Thread wireless mesh networking uses IEEE 802.15.4 radios, which use
little power, and are suitable for battery-powered devices. The
Thread protocol organizes the network nodes into a mesh, typically
with a Thread border router that connects the mesh to the home
network. For the purposes of this document we will refer to the home
network, be it Ethernet, or Wi-Fi, or both, or other similar
technologies, simply as the home network. The home network forms a
backbone to which one or more Thread mesh networks connect via Thread
border routers.
Existing work describes how DNS-Based Service Discovery can be
performed using unicast on such a network. Devices on the Thread
mesh offering services use Service Registration Protocol [RegProt] to
register their services at a Service Registration Server. Devices
seeking to discover these services send unicast queries to the
Service Registration Server using unicast DNS [RFC1034] [RFC1035] for
single individual queries, and using DNS Push Notifications [Push]
where ongoing change notification is required.
Certain configuration information is required for this to work.

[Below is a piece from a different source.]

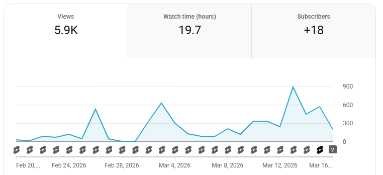 Like TikTok, YouTube has seen tremendous growth as the 100 Years Later series continues to drive traffic. Viewership during this period fell just shy of 6,000 total views, coming to 19.7 hours of total watch time. There was also a gain of 18 subscribers in the 25-day period.
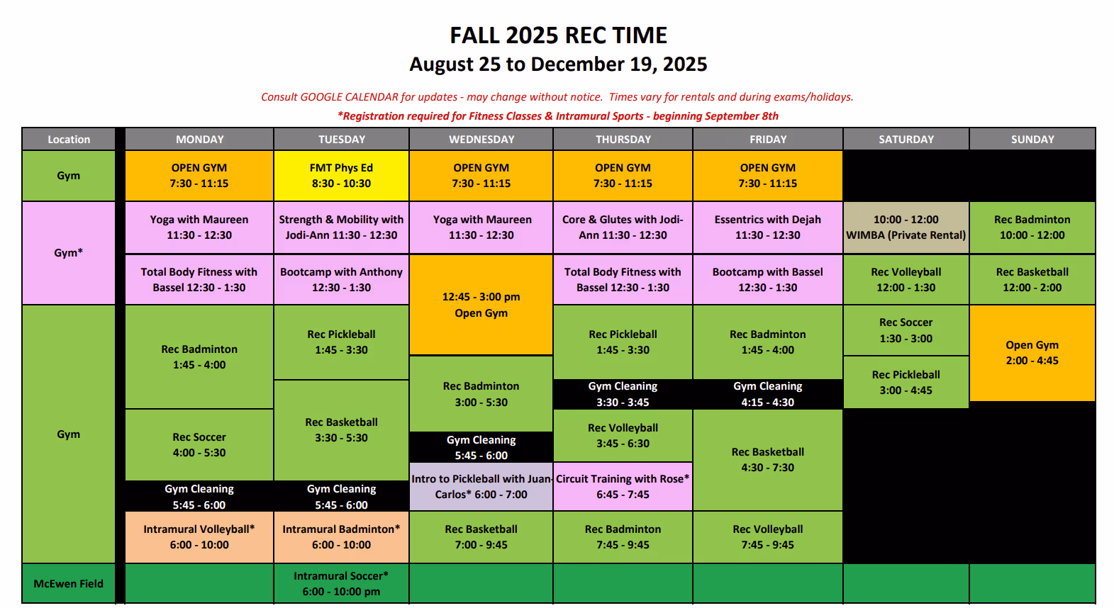 The Stewart Athletic Complex features a gymnasium, Fitness Centre, locker rooms and Smart Workout Studios. We also have two outdoor fields (Watson and McEwen), outdoor gym and an outdoor sand volleyball court.

Devices on the Thread mesh offering services need to know what names
to use when registering those services, and to what address they
should send their service registrations. Devices seeking to discover
these services need to know what names to use when constructing their
queries, and to what address they should send those queries. In
addition, IPv6 address prefixes need to be chosen and configured for
both the home network and the Thread mesh network(s), and
communicated, in order to facilitate unicast communication between
clients and the services they have discovered.
For proof-of-concept experiments, the necessary information can be
configured manually, and this has been done successfully. For
deployment, we need to determine how the necessary information will
be learned and configured automatically in real-world scenarios.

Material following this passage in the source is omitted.